Ban Antibiotics — McDonald’s Investor
As one of the members of the Interfaith Center on Corporate Responsibility (ICCR), the sisters have proposed this type of idea before.
But the US Centers for Disease Control and Prevention warns that eating antibiotic-treated meat can lead to certain drug resistance in humans.
They withdrew the resolution once McDonald’s US announced in March that it would phase out chicken produced with antibiotics important to human health within two years.
McDonald’s previously stated it would reduce the use of antibiotics in chickens, but according to the group the standard has not changed on beef and pork products served at the thousands of McDonald’s Restaurants. Susan Mika of the Congregation of the Benedictine Sisters of Boerne.
“If the corporation were serious about becoming a ‘modern, progressive burger company, ‘” said Madhusoodanan, referring to the mantra of McDonald’s CEO Steve Easterbrook, “it would immediately implement a strong, accountable and transparent antibiotics policy across its supply chain”. “This double standard makes no sense to us; what’s good for the goose, ought to be good for the gander, or in this case, the whole farmyard.”
When we buy meat from a grocery store, we’re generally given various choices. The said antibiotics are reportedly used by fast food chains to prevent illness and fatten up livestock.
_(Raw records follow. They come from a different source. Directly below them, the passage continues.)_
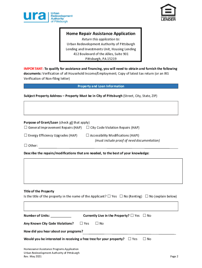URA Housing Lending & Investments 2022 Home Repair Assistance Application The Urban Redevelopment Authority of Pittsburgh (URA) offers a variety of programs to help homeowners and renters make necessary
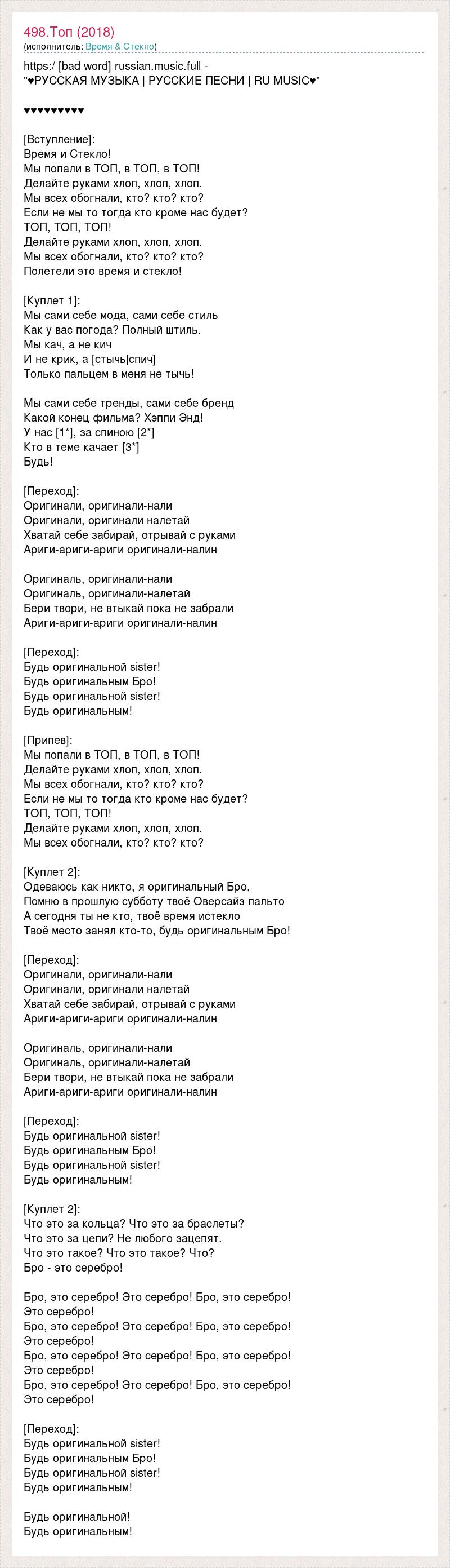 https:/ [bad word] russian.music.full - "♥РУССКАЯ МУЗЫКА | РУССКИЕ ПЕСНИ | RU MUSIC♥" ♥♥♥♥♥♥♥♥♥ [Вступление]: Время и Стекло! Мы попали в ТОП, в ТОП, в ТОП! Делайте руками хлоп, хлоп, хлоп. Мы всех обогнали, кто? кто? кто? Если не мы то тогда кто кроме нас будет? ТОП, ТОП, ТОП! Делайте руками хлоп, хлоп, хлоп. Мы всех обогнали, кто? кто? кто? Полетели это время и стекло! [Куплет 1]: Мы сами себе мода, сами себе стиль Как у вас погода? Полный штиль. Мы кач, а не кич И не крик, а [стычь|спич] Только пальцем в меня не тычь! Мы сами себе тренды, сами себе бренд Какой конец фильма? Хэппи Энд! У нас [1*], за спиною [2*] Кто в теме качает [3*] Будь! [Переход]: Оригинали, оригинали-нали Оригинали, оригинали налетай Хватай себе забирай, отрывай с руками Ариги-ариги-ариги оригинали-налин Оригиналь, оригинали-нали Оригиналь, оригинали-налетай Бери твори, не втыкай пока не забрали Ариги-ариги-ариги оригинали-налин [Переход]: Будь оригинальной sister! Будь оригинальным Бро! Будь оригинальной sister! Будь оригинальным! [Припев]: Мы попали в ТОП, в ТОП, в ТОП! Делайте руками хлоп, хлоп, хлоп. Мы всех обогнали, кто? кто? кто? Если не мы то тогда кто кроме нас будет? ТОП, ТОП, ТОП! Делайте руками хлоп, хлоп, хлоп. Мы всех обогнали, кто? кто? кто? [Куплет 2]: Одеваюсь как никто, я оригинальный Бро, Помню в прошлую субботу твоё Оверсайз пальто А сегодня ты не кто, твоё время истекло Твоё место занял кто-то, будь оригинальным Бро! [Переход]: Оригинали, оригинали-нали Оригинали, оригинали налетай Хватай себе забирай, отрывай с руками Ариги-ариги-ариги оригинали-налин Оригиналь, оригинали-нали Оригиналь, оригинали-налетай Бери твори, не втыкай пока не забрали Ариги-ариги-ариги оригинали-налин [Переход]: Будь оригинальной sister! Будь оригинальным Бро! Будь оригинальной sister! Будь оригинальным! [Куплет 2]: Что это за кольца? Что это за браслеты? Что это за цепи? Не любого зацепят. Что это такое? Что это такое? Что? Бро - это серебро! Бро, это серебро! Это серебро! Бро, это серебро! Это серебро! Бро, это серебро! Это серебро! Бро, это серебро! Это серебро! Бро, это серебро! Это серебро! Бро, это серебро! Это серебро! Бро, это серебро! Это серебро! Бро, это серебро! Это серебро! [Переход]: Будь оригинальной sister! Будь оригинальным Бро! Будь оригинальной sister! Будь оригинальным! Будь оригинальной! Будь оригинальным!
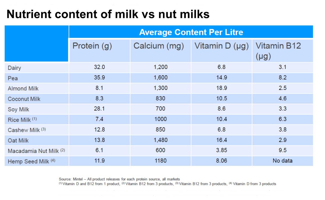 Compared with cow's milk, the nutrient content of protein is often much lower and the cost of those nutrients much higher in plant-based beverages. This is particularly true for nut and oat ‘milks’ – when compared with cow's milk’s 6 cents per gram of protein, almond milk costs on average of 56 cents per gram.
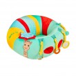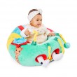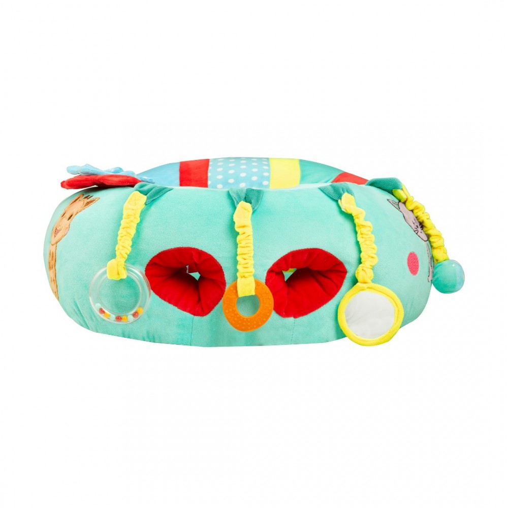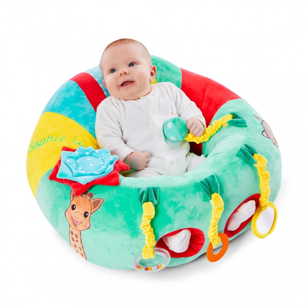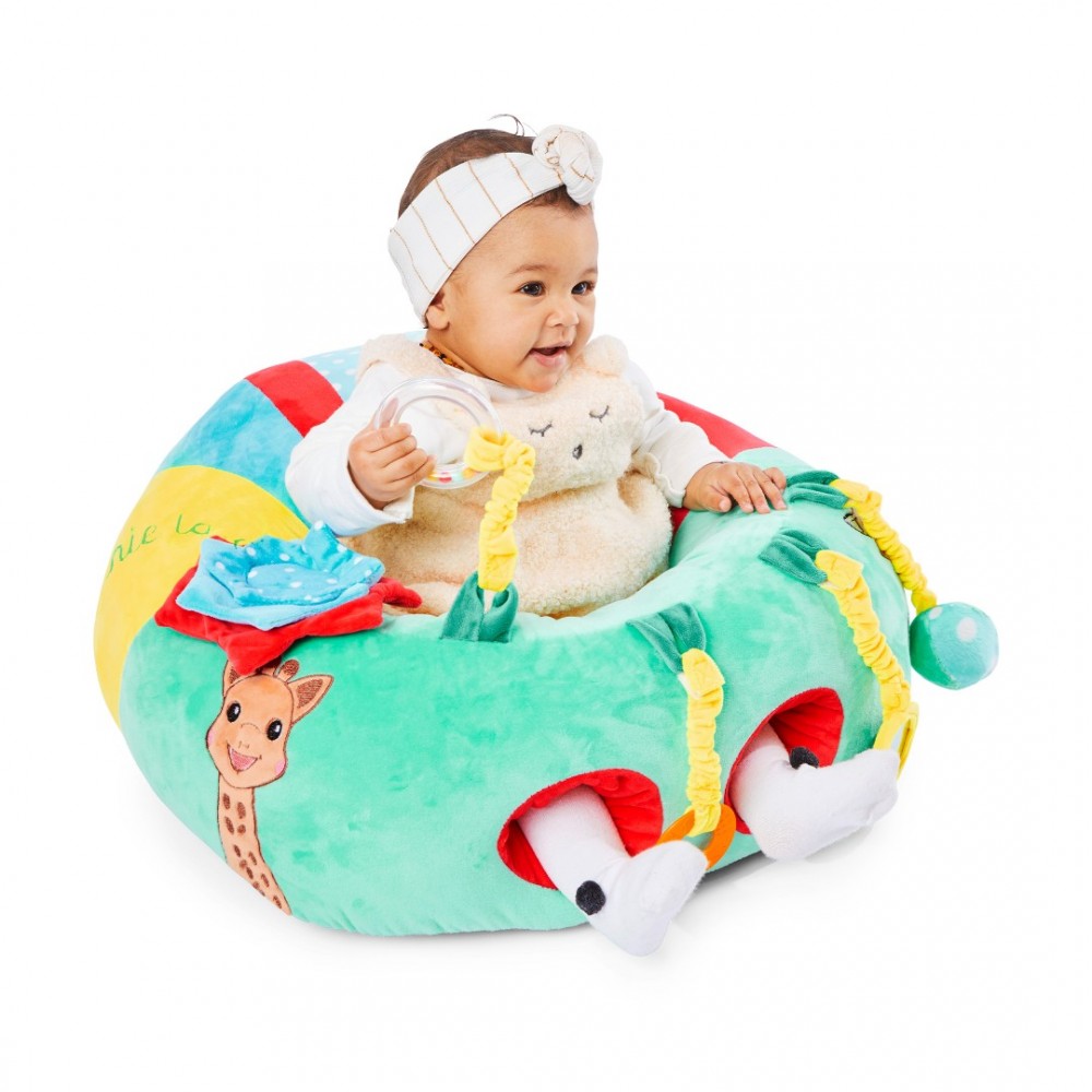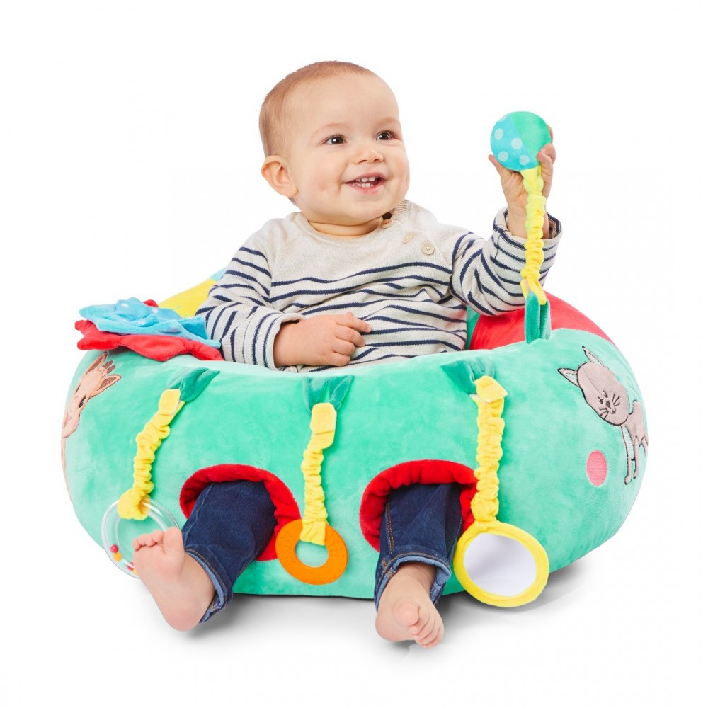 Ovdje ćete pronaći zvečke koje će stimulirati osjetilo sluha, prsten koji je namijenjen za ublažavanje bolnih zubića, ogledalo te različite materijale za razvijanje osjetila dodira. Beba je potpuno sigurna u sjedećem položaju unutar ove fotelje koja ima i dva utora za nogice koje će veselo raditi. Osim što će vašoj bebi biti jako udobno u ovoj plišanoj fotelji, bit će joj i zabavno.

With increasing pressure being placed on the industry to regulate antibiotic use, a report from Friends of the Earth highlights a distinct lack of policy and poor practice within many top American fast food restaurants. She available the nuns along at the McDonald’s yearly encounter on May 21, at which they reported which the quality resolution was minified, although it remain referenced involve over McDonald’s pig and… The only chains that were given an A grade were Chipotle and Panera Bread.
McDonalds received a grade of C in a recent report scoring restaurants on antibiotic usage.
The coalition said it gave Subway partial credit for its new policy because its website indicates only support for the “elimination of subtherapeutic use of antibiotics”, and it is unclear whether the company would end all routine antibiotic use in its supply chains.